= Altar de Cuerda =

Violin concerto by Gabriela Ortiz

Altar de Cuerda (String Altar) is a violin concerto written between September and December 2021 by the Mexican composer Gabriela Ortiz. The work was commissioned by the Los Angeles Philharmonic for the violinist María Dueñas, to whom the piece is dedicated. Its world premiere was given by María Dueñas and the Los Angeles Philharmonic conducted by Gustavo Dudamel at the Walt Disney Concert Hall on May 14, 2022. Altar de Cuerda is the seventh composition in Ortiz's Altares series, following Altar de Neón (1995), Altar de Muertos (1997), Altar de Piedra (2002), Altar de Fuego (2010), Altar de Luz (2013), and Altar de Viento (2015).

==Composition==
Altar de Cuerda has a duration of about 28 minutes and is cast in three movements:

The title of the first movement refers to Ortiz's Mexico City background (where "chilango" is a slang term used to denote its residents) and Dueñas's Andalusian background; the composer thus combined elements of Latin American and Mediterranean musical styles. The second movement "Open Song" refers to the open chapels (known as "capilla abiertas") that were a distinctive feature of Mexican churches built in the 16th century. The third movement "Maya déco" abstractly refers to Maya architecture and its later influences and features a prominent cadenza for the soloist.

===Instrumentation===
The work is scored for solo violin and an orchestra consisting of a piccolo, two flutes, two oboes, two clarinets, two bassoons, four horns, three trumpets, two trombones, bass trombone, timpani, three percussionists, harp, piano (doubling celesta), and strings. Additionally, all wind instruments double playing wine glasses.

==Reception==
Reviewing the world premiere, Mark Swed of the Los Angeles Times praised Altar de Cuerda, saying that it begins "in a state of shimmering strings, but is cut through with startlingly sharp percussive attacks and exciting rhythmic action of a city coming to life." He continued, "The beautiful, bass-heavy central movement, 'Canto Abierto' (Open Song), conjures a mystical atmosphere of early Mexican churches. A bass drum booms, deep strings give mildewy cushion and timpani glide down as if to the center of the Earth. Wind instruments are the wind. The glistening solo violin does the singing. A final chord in the orchestra sounds electrically charged. 'Maya Déco,' a bravura Mayan decoration with a dazzling cadenza, became a showpiece for Dueñas." Oussama Zahr of The New York Times similarly described the piece as a "blazing violin concerto" that "set a high bar," adding, "It begins with a scorching statement in the violin, with whacks of triangle and crotales (spooky sounding cymbals) that rise off the stage like puffs of smoke in a roiling brew. At a few points, the woodwind and brass musicians played tuned crystal cups that conjured ritualistic magic."

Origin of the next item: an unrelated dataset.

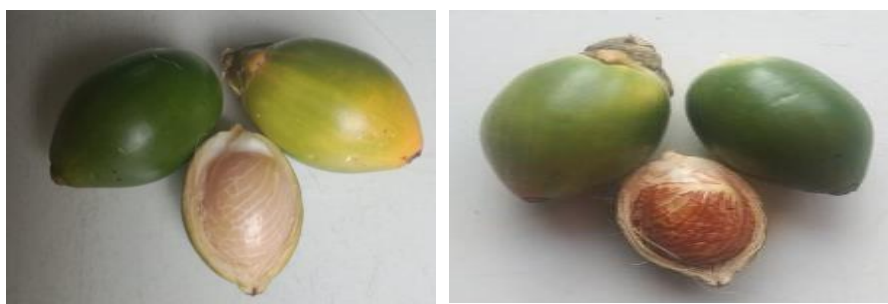
Gambar 3. Kondisi Buah Pinang

Penerapan e-modul berbasis etnosains Papua terbukti memberikan kontribusi signifikan terhadap peningkatan keterampilan proses sains peserta didik karena mampu mentransformasi materi redoks yang abstrak menjadi fenomena konkret melalui pengamatan perubahan warna pada buah pinang ( Areca catechu ). Secara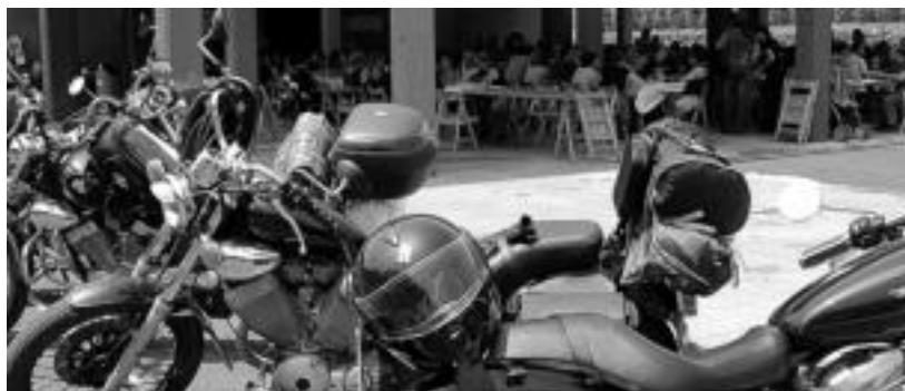
290 motozale bildu ziren iragan igandean egin zuten bazkarira. MADDI SOROA

Gipuzkoarren eta emakumezkoen kopuruak gora egin duela azpimarratu dute; irailean beste ekitaldi bat egingo dute

Charlize Althea Garcia of The Poly Post was slightly more critical of the work, however, writing, "Although [Dueñas's] expertism was showcased, the spotlight might have been too overbearing, burying the piece with runs on end. The melodies were of ghost-like movements that jumped inconsistently throughout the piece; both silence and melody were spasmodic. The orchestra and the violinist felt as if they had not complemented each other but acted as equal counterparts that contributed to the same conversation; the orchestra did not seem to support the violinist but challenge her."